§ **EXERCISE OBJECTIVE**
For the records below, output word for word the lines from the one with "みんなのアイディアを出し合って真っ白な模造紙に描いていきます。" up to and including the one with "আটকরা হলেন- মো.". No pictures.

§ **DATA SHOWN**
-=-=-
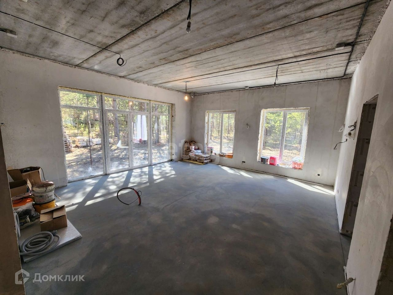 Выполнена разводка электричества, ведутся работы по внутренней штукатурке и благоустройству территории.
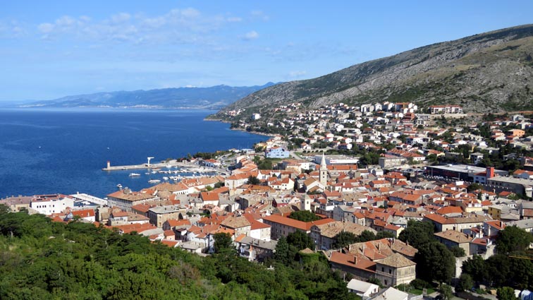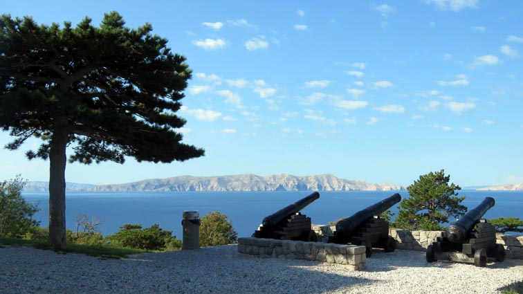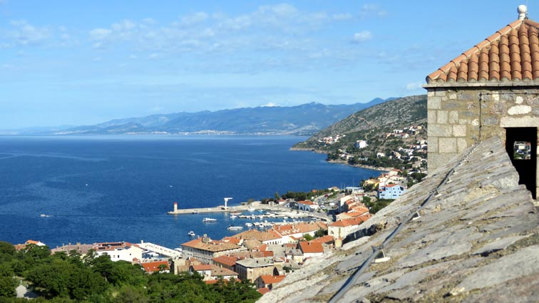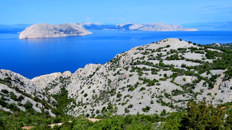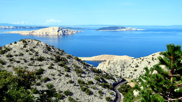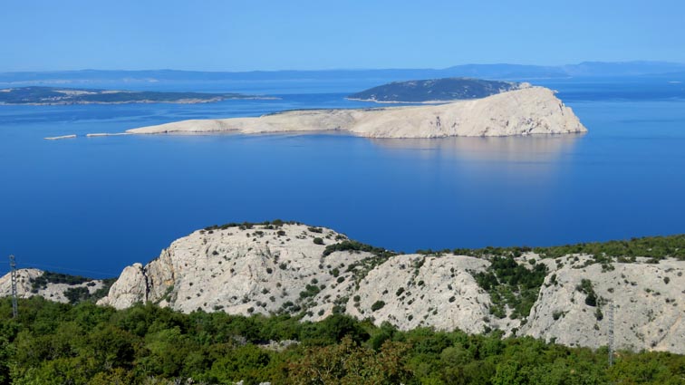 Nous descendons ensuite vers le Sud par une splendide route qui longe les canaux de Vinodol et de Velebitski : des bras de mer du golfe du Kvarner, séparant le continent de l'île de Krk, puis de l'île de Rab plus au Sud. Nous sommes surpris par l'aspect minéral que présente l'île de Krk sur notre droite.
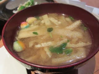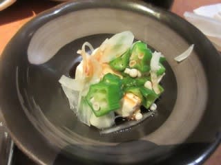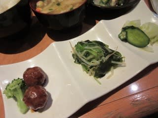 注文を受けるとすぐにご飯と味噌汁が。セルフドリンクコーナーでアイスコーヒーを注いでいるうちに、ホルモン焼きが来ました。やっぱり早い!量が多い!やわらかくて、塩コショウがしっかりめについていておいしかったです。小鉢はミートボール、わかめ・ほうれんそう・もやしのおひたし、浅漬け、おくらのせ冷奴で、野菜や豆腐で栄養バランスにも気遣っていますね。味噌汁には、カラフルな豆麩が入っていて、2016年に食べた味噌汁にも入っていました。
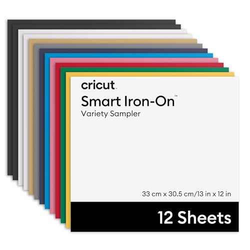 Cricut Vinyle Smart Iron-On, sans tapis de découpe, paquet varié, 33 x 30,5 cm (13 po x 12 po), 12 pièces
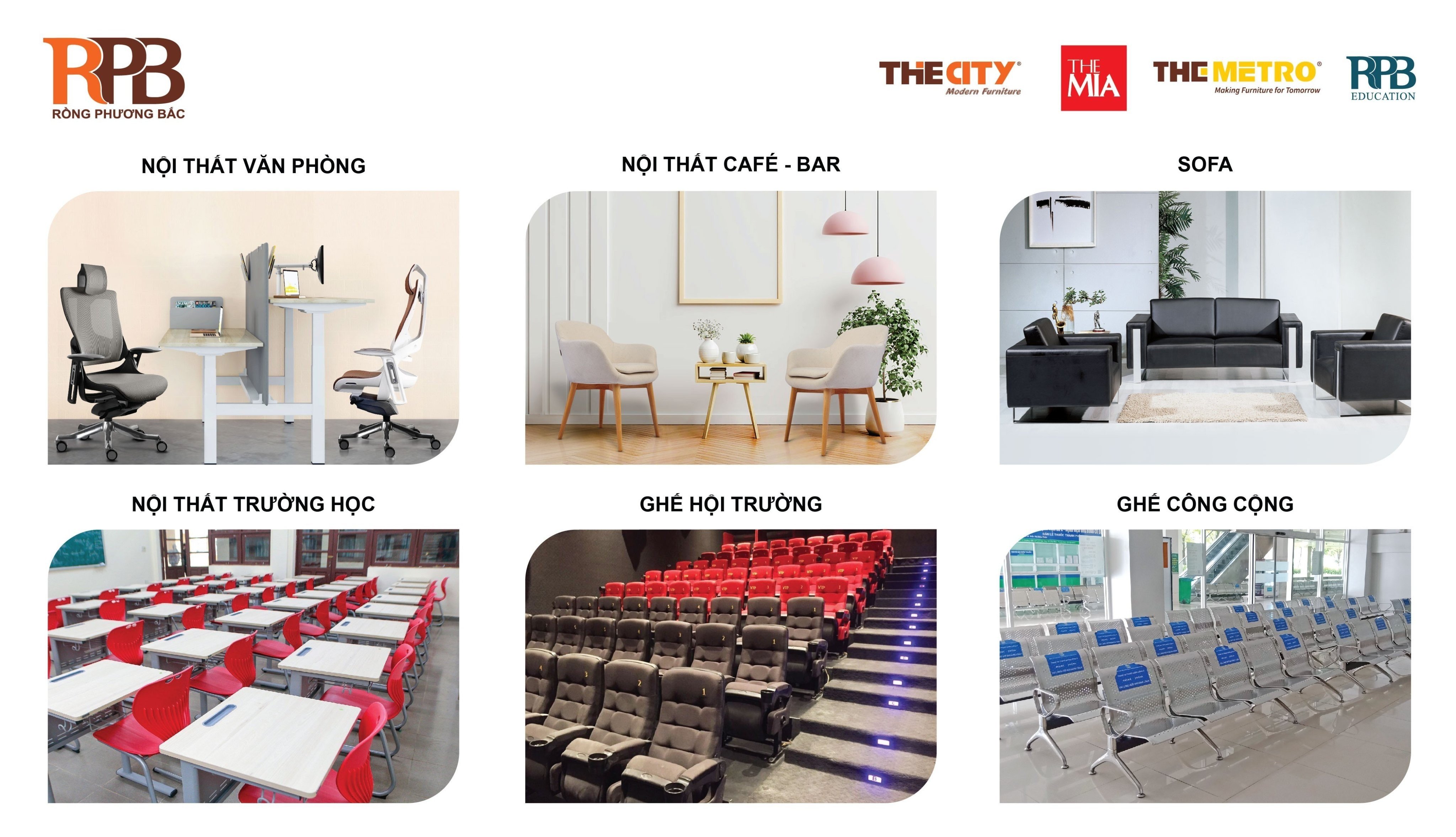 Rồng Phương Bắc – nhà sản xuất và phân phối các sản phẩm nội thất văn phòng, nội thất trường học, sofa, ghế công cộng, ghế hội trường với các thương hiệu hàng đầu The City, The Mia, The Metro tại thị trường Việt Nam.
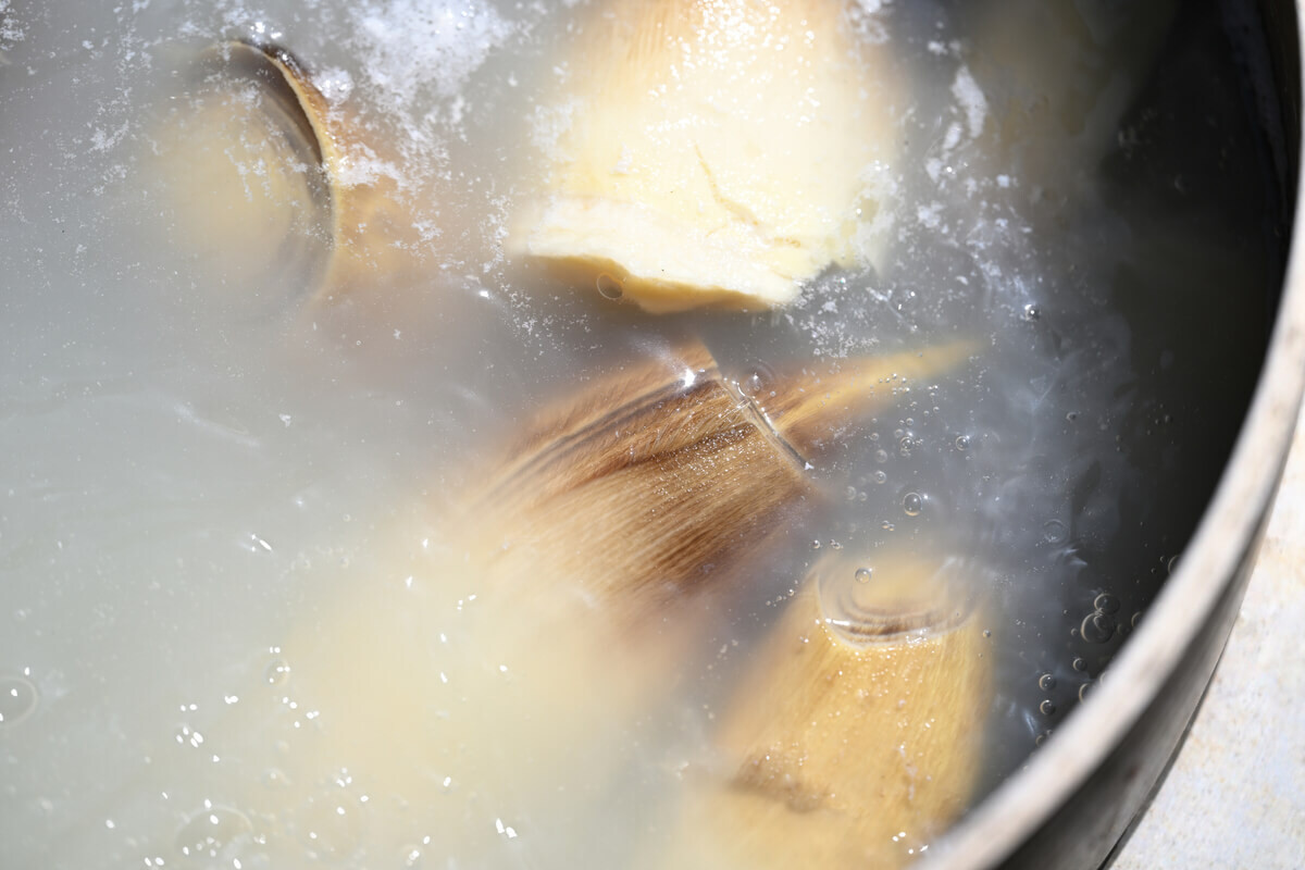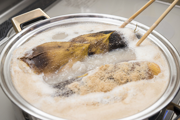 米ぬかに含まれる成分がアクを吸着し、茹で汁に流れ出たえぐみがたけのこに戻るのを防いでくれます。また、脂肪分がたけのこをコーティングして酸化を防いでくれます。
-=-=-
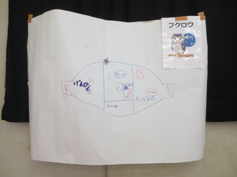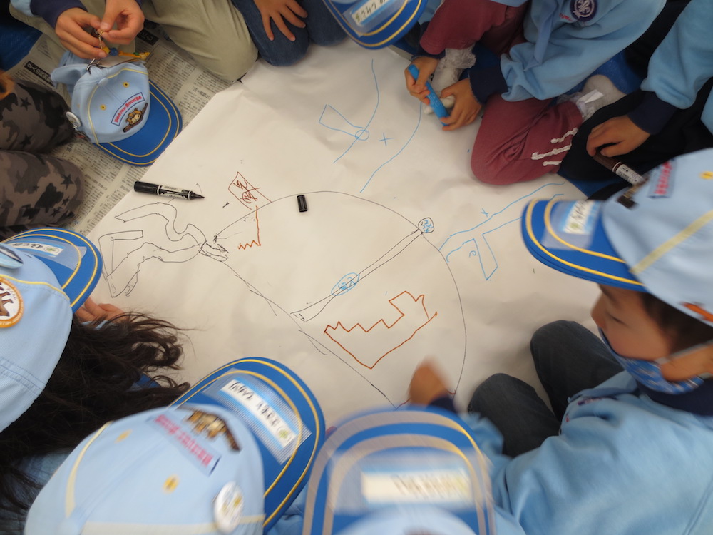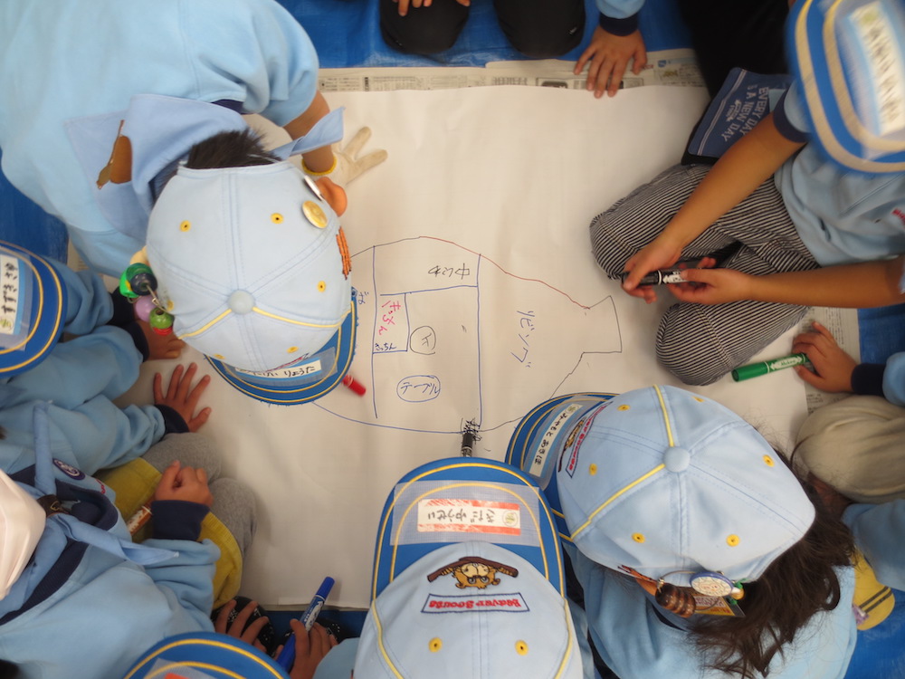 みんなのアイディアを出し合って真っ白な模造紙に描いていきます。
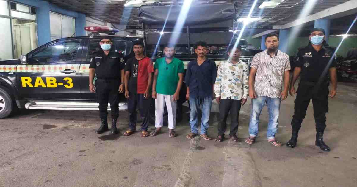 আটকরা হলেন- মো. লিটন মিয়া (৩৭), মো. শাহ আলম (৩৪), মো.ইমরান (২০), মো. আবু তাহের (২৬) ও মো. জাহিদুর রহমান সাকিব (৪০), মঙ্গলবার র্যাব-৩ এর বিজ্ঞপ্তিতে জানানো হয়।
-=-=-
§ **RESULT OF THE EXERCISE**
 みんなのアイディアを出し合って真っ白な模造紙に描いていきます。
 আটকরা হলেন- মো. লিটন মিয়া (৩৭), মো. শাহ আলম (৩৪), মো.ইমরান (২০), মো. আবু তাহের (২৬) ও মো. জাহিদুর রহমান সাকিব (৪০), মঙ্গলবার র্যাব-৩ এর বিজ্ঞপ্তিতে জানানো হয়।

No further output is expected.